Signing in November is a sign that a minor-league free agent is among the subset of that group viewed as potentially valuable. Some team prioritized them; they got one of those coveted spring invites or an inside track in a race for the final spot on the roster. Players who linger on the market, if they come from this demographic, are doing so because they’re holding out for a real shot—but haven’t yet been offered one.

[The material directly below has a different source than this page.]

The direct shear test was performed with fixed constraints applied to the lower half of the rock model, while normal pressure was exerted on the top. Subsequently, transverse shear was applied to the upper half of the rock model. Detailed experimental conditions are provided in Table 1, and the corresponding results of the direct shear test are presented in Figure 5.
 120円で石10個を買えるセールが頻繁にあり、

The Brewers are in a tougher position to lure top minor-league free agents, because they don’t have the roster spot to expend or the obvious playing time to offer. Nonetheless, keep an eye on them this month. Small moves they make now might pay off in medium-sized ways in 2026. Ismael Munguia, 27, is a speedy left-hitting outfielder who moved from the Giants farm system to that of the Yankees last offseason. He has very little power, but his bat-to-ball skills are elite, and his swing decisions show some promise. He’s the kind of player the Crew might snap up, and while he could easily spend the whole season stashed at Triple-A Nashville, if he signs with Milwaukee this month, it will probably be because they made a case to him that he will have a role with them next season.Â
Ditto for Ryder Ryan, a right-handed reliever out of the Pirates system who switched out his tight slider for a better sweeper and added a cutter as a bridge pitch in 2025. Those were promising changes; he has a chance to be a very late-blooming but usable big-league arm. If he scraps his sinker and leans more on his four-seamer (off which the sweeper and cutter play better, anyway), he could take another step forward next year. With players of his ilk, the key is to identify a player whom the development group firmly believes they can improve; make that case to the player and/or their agent; and be frank with them about the opportunity they would find in the organization. Lefty Parker Mushinski, recently of the Guardians, is another potential addition.

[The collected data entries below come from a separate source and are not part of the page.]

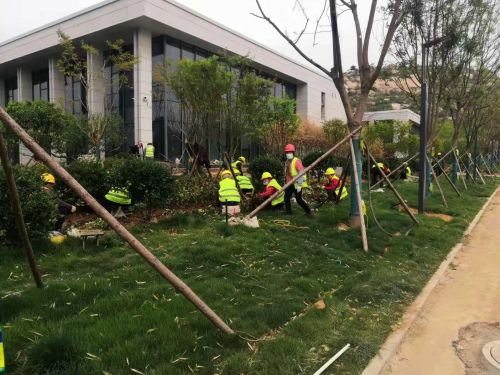 项目部于5月底全面完成十个绿化片区的施工任务,总绿化面积近16万平方米,其中常绿苗木9种997棵、落叶苗木38种3212棵、灌木11种2036棵、地被植物19种116571.5平方米。6月底项目部组织技术人员详细统计了园区绿化植物成活覆盖率情况,乔木成活率达到96.3%,灌木成活率达到98.7%,地被植物成活率达到98.6%,草坪成活率达到98.2%。7月初,对园区部分未成活的苗木和草坪进行了补植,保证了绿化工程的全面完工。
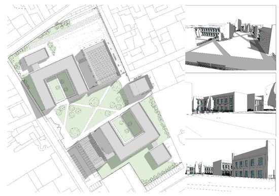In previous studies, the described methodology was tested on a green field of a new construction project, namely a public school facility in Melzo, Italy [12]. In the present research, the model is applied to a brownfield renovation, including an extensive demolition phase and the final design and construction of a new public school complex in Inveruno, Italy. The selection of the case study aims to demonstrate the positive outcomes of the model application to support the proper renovation of brownfields, thus promoting renovation processes to recover the quality of community land. Furthermore, the application of the model on a case study that is more complex than the previous one mentioned above can demonstrate the replicability of the proposed methodology.
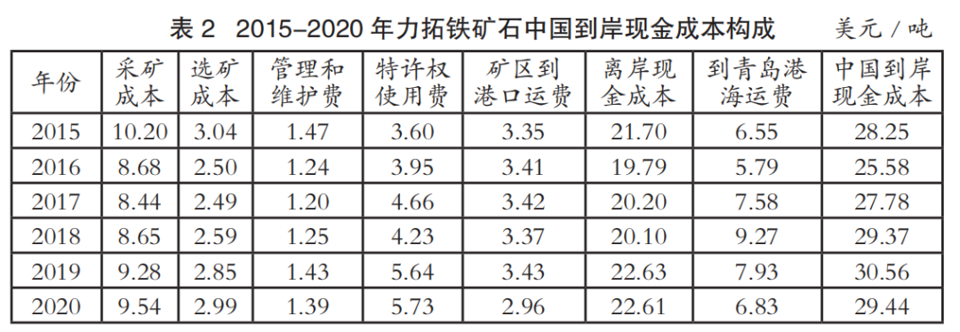 中國進(jìn)口鐵礦石到岸成本主要由離岸現(xiàn)金成本和海運(yùn)成本兩部分構(gòu)成。表1至表4為2015-2020年國際四大礦鐵礦石中國到岸現(xiàn)金成本構(gòu)成情況(數(shù)據(jù)來源:AME),其中離岸現(xiàn)金成本由采礦成本、選礦成本、管理和維護(hù)費(fèi)、特許權(quán)使用費(fèi)和礦區(qū)到港口運(yùn)費(fèi)構(gòu)成;中國到岸現(xiàn)金成本由離岸現(xiàn)金成本和到青島港海運(yùn)費(fèi)構(gòu)成;該成本數(shù)據(jù)僅為現(xiàn)金成本,不含國際四大礦的融資、折舊費(fèi)用。
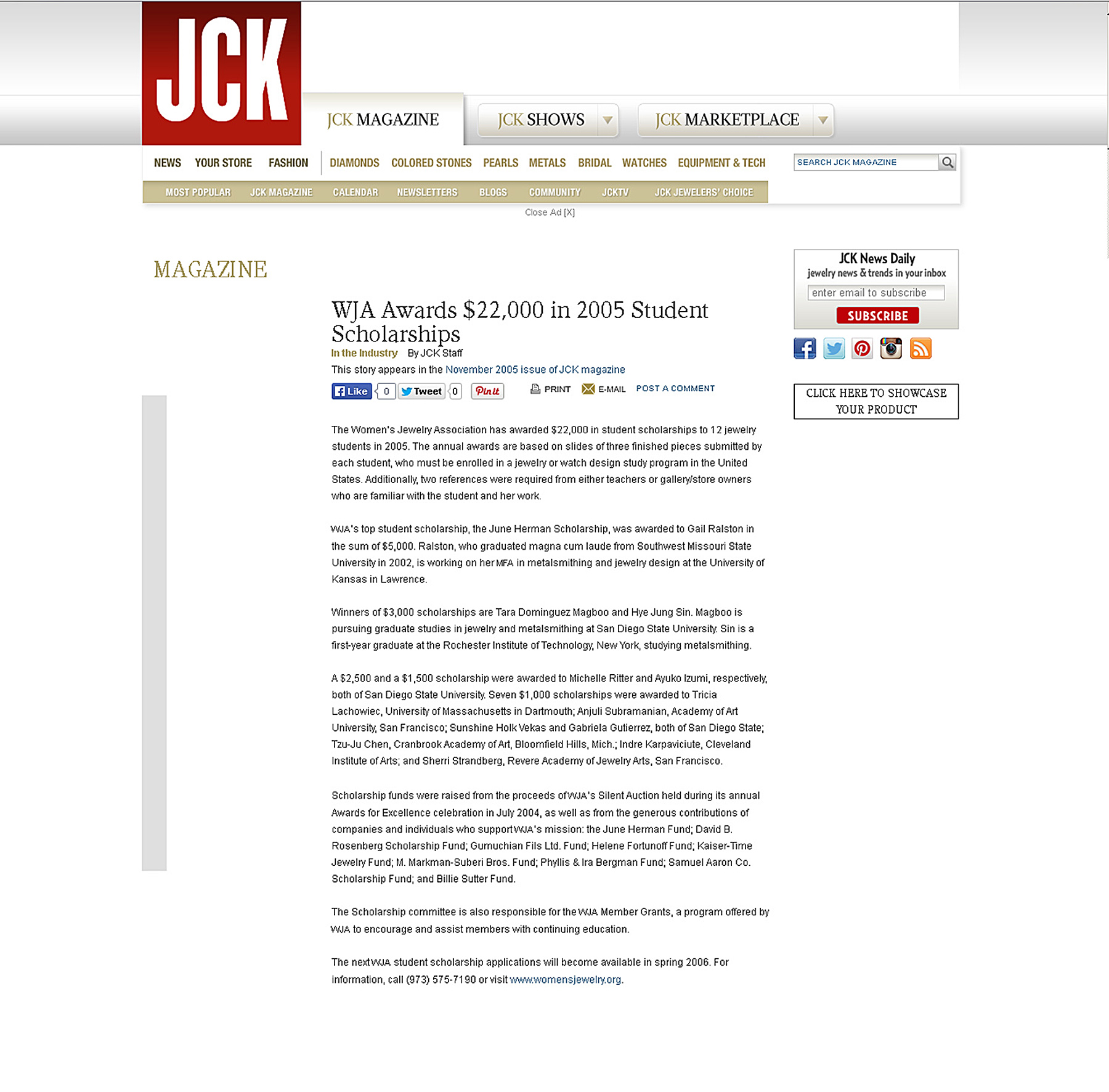 An online article on the JCK website featured the 2005 winners of the WJA national competition for educational scholarships. I was featured as one of the winners in the online article.
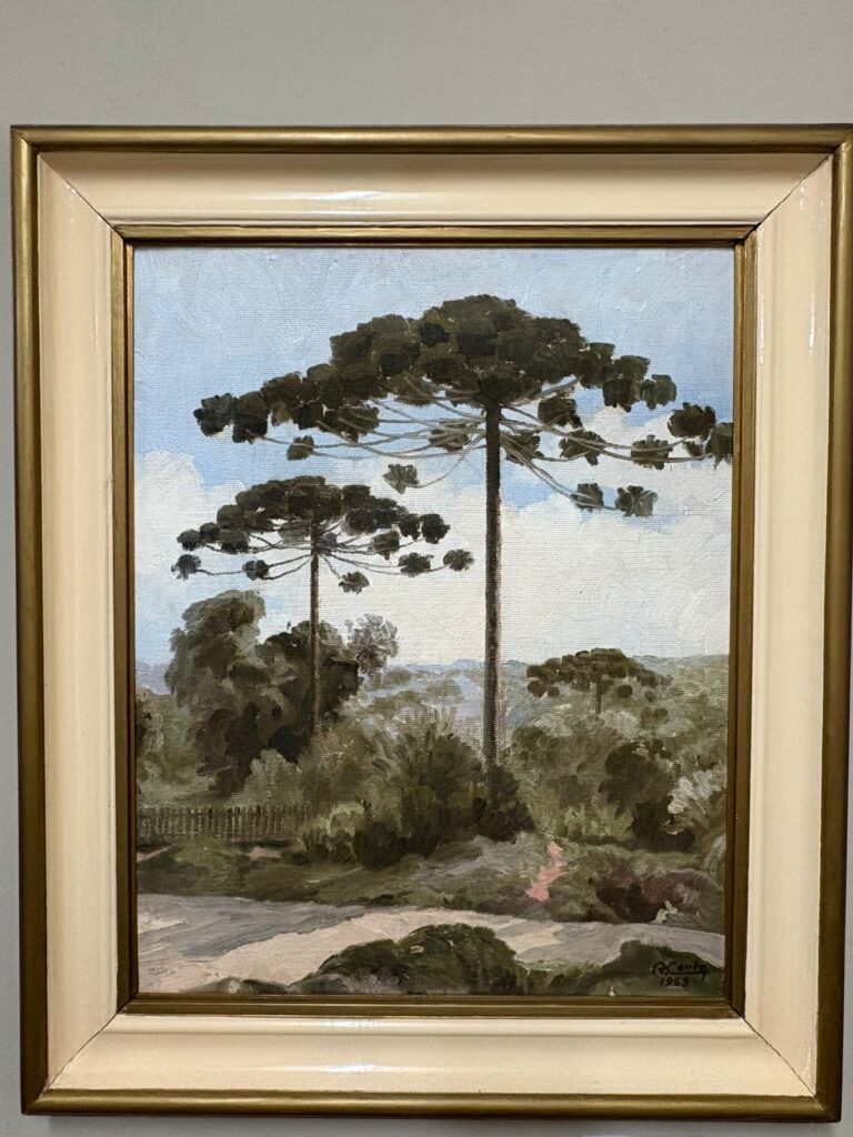 A arte também ocupa lugar de destaque com a tela “Arredores de Curitiba”, do pintor Augusto Conte, que retrata araucárias, símbolo do Paraná. A obra foi adquirida pela Câmara Municipal de Campo Mourão como forma de agradecimento ao artista pelo desenho da bandeira oficial do município.
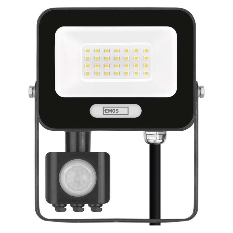 LED reflektor GLARO s pohybovým čidlom, 20 W, čierny, IP54, 2000 lm, neutrálna biela
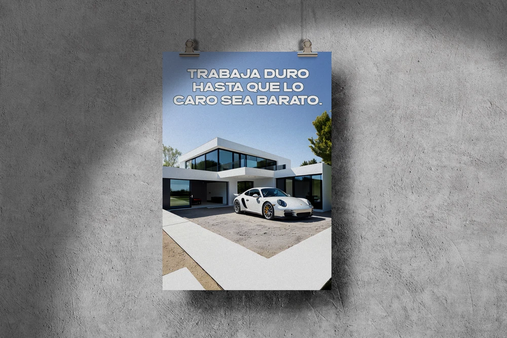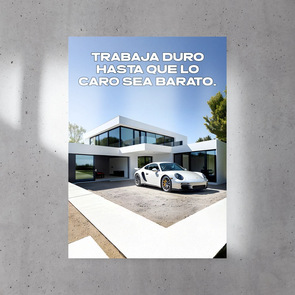 Elevate your space with the timeless appeal of a vintage/retro poster, "TRABAJA DURO HASTA QUE LO CARO SEA BARATO." This piece, showcasing the iconic Porsche 911, is a 24x36" glossy poster that makes a bold statement in any room. The high-quality paper material ensures vibrant color retention, making it a standout addition to your décor. The poster's large size and vertical orientation lend itself to a perfect fit for rooms ranging from your living room to your workshop. Without being personalized or signed, it maintains a classic, universal charm that art enthusiasts and sports car aficionados alike will appreciate. Whether it's for your home or office, this piece is sure to impress.

Minor-league free agents move based on factors like reputation and soft promises. The key, from a team’s perspective, is to be honest enough to maintain a reputation for treating players like these well. Guys at this stage of their career are carrying a precious candle in a high wind. They have, in most cases, just one more chance to make their big-league dream come true. It’s bad form to deceive them, and smart teams know better than that. Without expending undue resources, the goal is to get a few players to believe that their best hope at keeping that flame from being extinguished is to take shelter with you. The Brewers already have a crowded roster, full of good players. That makes it harder for them to pitch themselves to players like these. Because they spend little in big-league free agency, though, they have to keep making minor moves. It’s a delicate balancing act, but few teams in the league do it better.